Our in depth analysis of two outlier cases, one without any triggers, and one with the maximal number of triggers revealed that meaningful real-time feedback during colonoscopy will have to include a large number of features. Relative position of the endoscopy, determined by delta forward-backward movement, will allow us to determine whether circumferential inspection is occurring at more or less the same location or during a gradual withdrawal of the instrument. 3D mapping of the colon mucosa from 2D images will provide a second means of determining endoscope movement direction anus [15]. Without any doubt additional features will need to be included or developed once we have tested real-time feedback in clinical practice.
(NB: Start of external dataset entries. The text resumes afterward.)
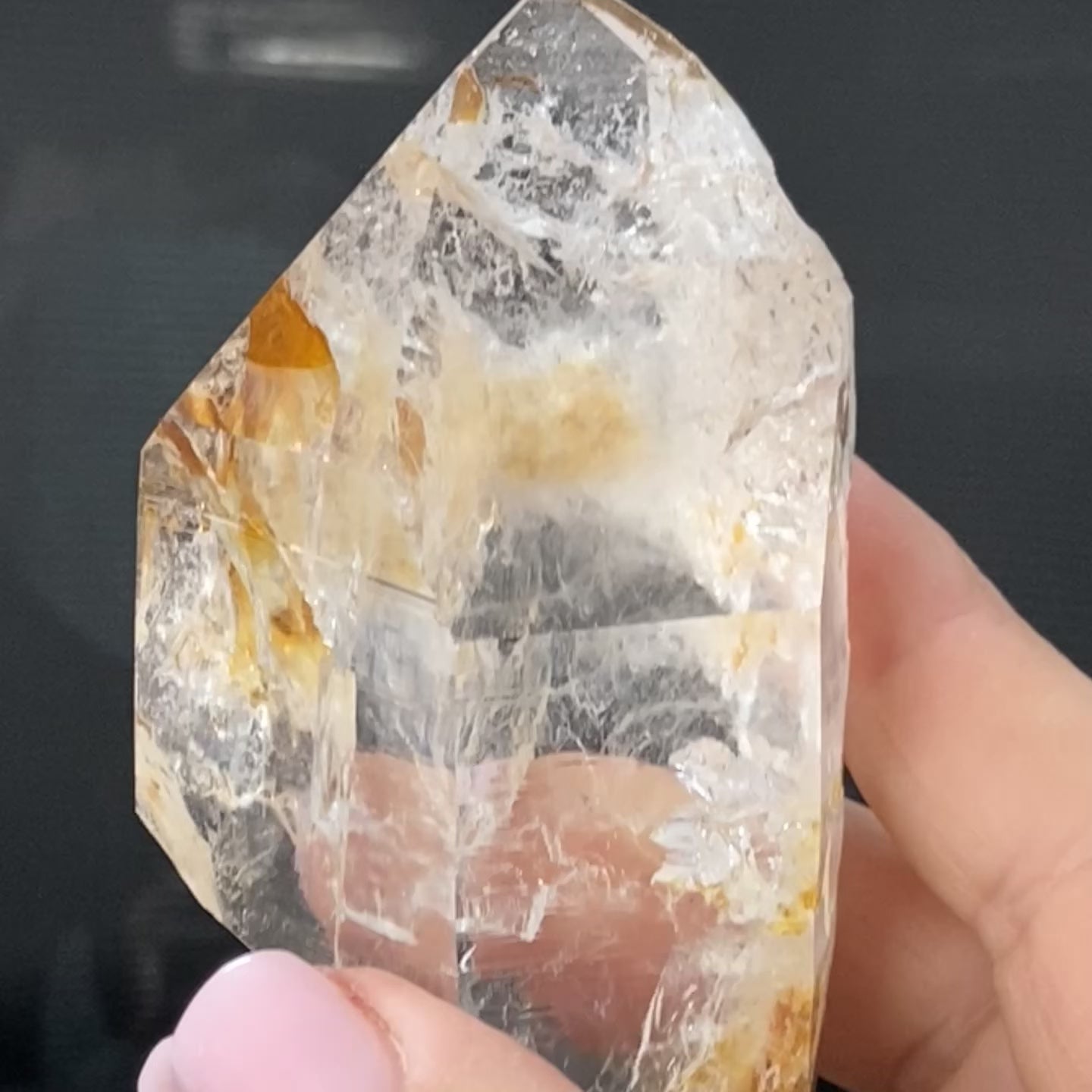 A clear, high-grade Lemurian Quartz with strong structure and presence… and then that internal flash of deep golden fire running through it. There’s even a moment where the light catches and throws a soft blue sheen against the warmth, which just adds another layer to it.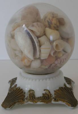 Antique English Gilt Milk Glass Seashells Souvenir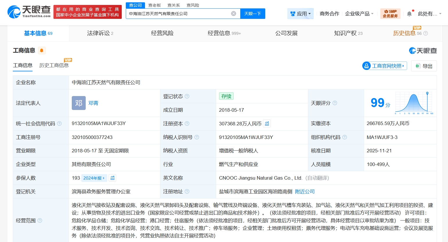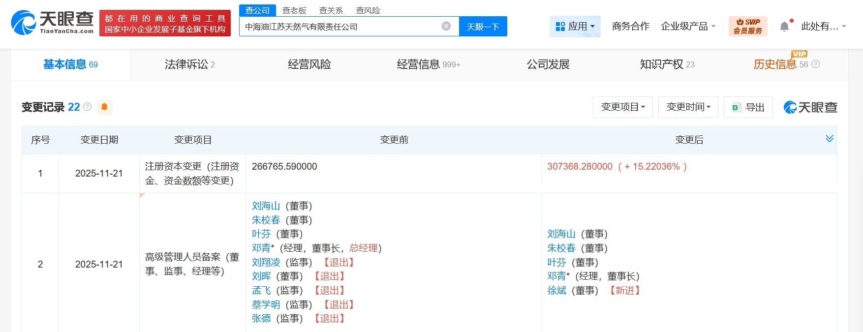 雷达财经讯,天眼查工商信息显示,近日,中海油江苏天然气有限责任公司发生工商变更,注册资本由约26.7亿人民币增至约30.7亿人民币,增幅约15%,同时,多位高管发生变更。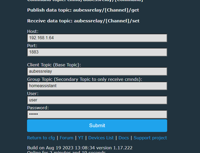 Hi, I have just sflashed the aubess relay on openebeken, I have set pin 26 as relay and via the website I can control it. But I want to connect it to homeassistant via MQTT, and I have a problem because I have MQTT connected (data is 1000000% good) and it even says mqtt connected but no new device appears. What can I do in this case?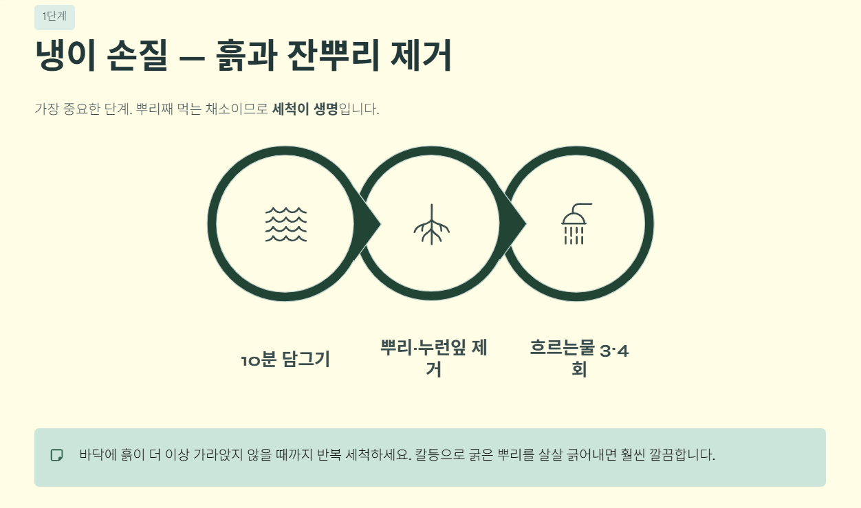 - 헹구기: 흐르는 물에 3~4번 충분히 흔들어 씻어냅니다. 바닥에 흙이 더 이상 가라앉지 않을 때까지 세척한 후, 먹기 좋은 크기로 썰어줍니다.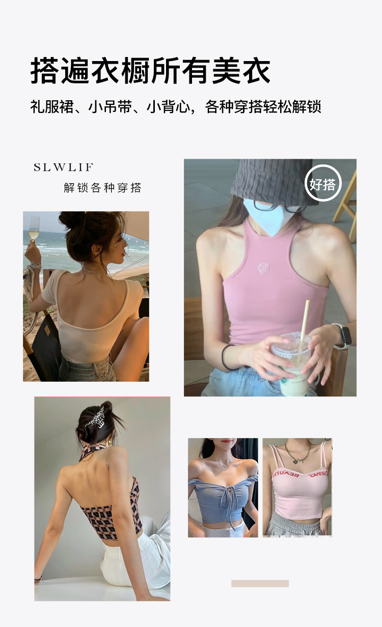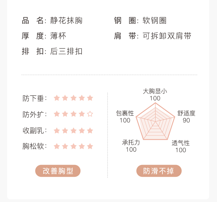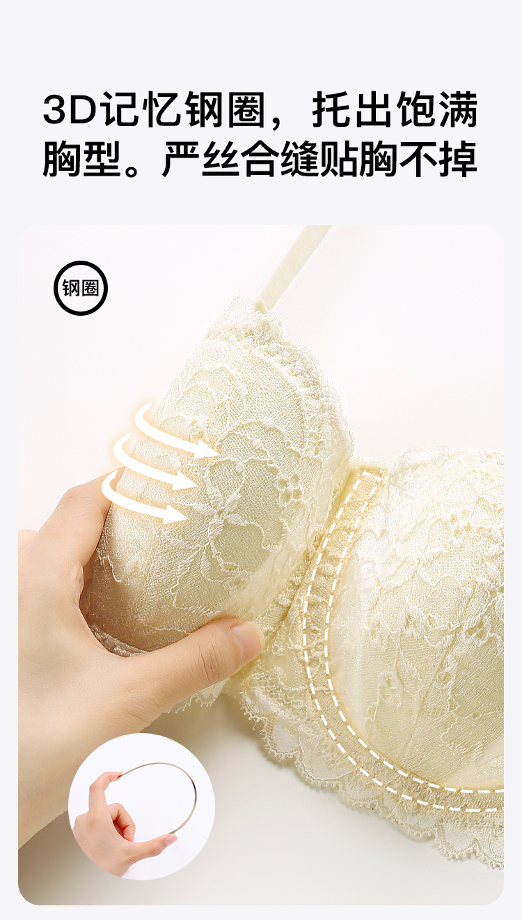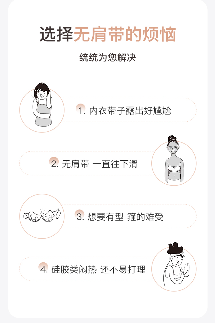 大码无肩带防滑不掉内衣女轻爽透气兔耳杯防凸点上托防垂文胸静花抹胸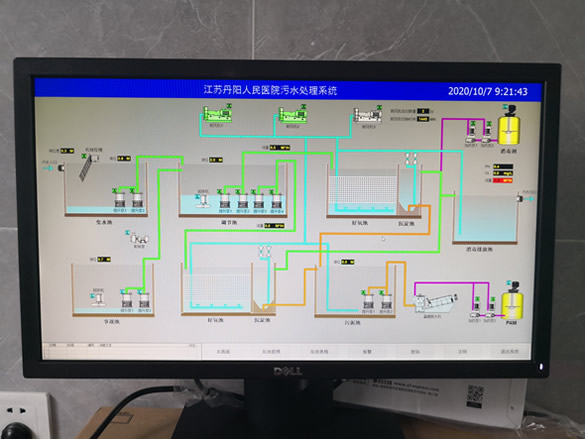 圖為我司編制的該醫(yī)院污水處理站PLC操作流程畫面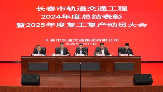 2月11日,长春市轨道交通工程2024年度总结表彰暨2025年度复工复产动员大会召开,会议由集团公司党委书记、董事长孙会勇主持,长春市城乡建设委员会副主任王化锋,集团公司党委副书记、总经理江涛,建委相关部门、建设事业总部、各施工、监理、勘察、设计、三方监测、风险咨询等单位相关领导及负责同志共同出席了会议。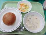 ビスキュイパン・クリームシチュー・サラダ・牛乳 (主な食材と産地) た...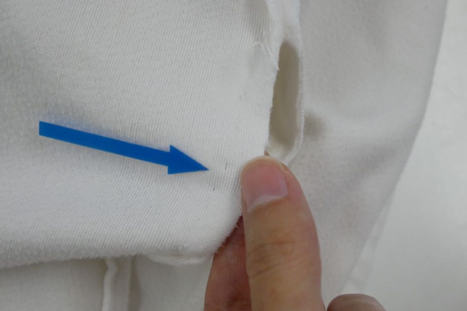 力がかかりやすい綿口や、生地の状態に応じて必要な箇所には部分的に接着芯で伸び止めの補強をおこなわせていただきたいと考えています。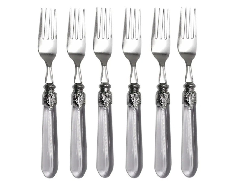 Cj 6 Garfos P/ Mesa de Aço Inox C/ Cabo de Plástico Destiny Transparente 22cm

Use of real-time feedback by endoscopy trainees for only spiral score and cumulative spiral score was associated with significantly higher inspection technique [16]. Thus EMIS has the potential to educate “on the job” and likely will be useful for objectively measuring and improving endoscopic technique of staff endoscopists. Yet although these findings are very encouraging, several questions remain. First, will EMIS be acceptable to staff endoscopists, especially those who have been accustomed for many years to practice endoscopy without any peer review? Second, will the effect of EMIS wear off over time? Third, more thorough inspection in general means longer inspection per procedure and fewer procedures per day; thus higher colonoscopy quality may lower endoscopist income. Lastly, EMIS itself comes with costs which further may decrease endoscopist income.

In conclusion, we are one step closer to testing real-time feedback in the clinical practice of experienced, staff endoscopists. Our results shown here support testing a number of features and suggest that a moving feature trigger period of 15–30 s will provide meaningful feedback without too many feedback triggers per procedure. Additional studies are required to determine whether “on the job” education via real-time feedback is acceptable and will lead to persistent improvement in endoscopist technique and decreases CRC mortality.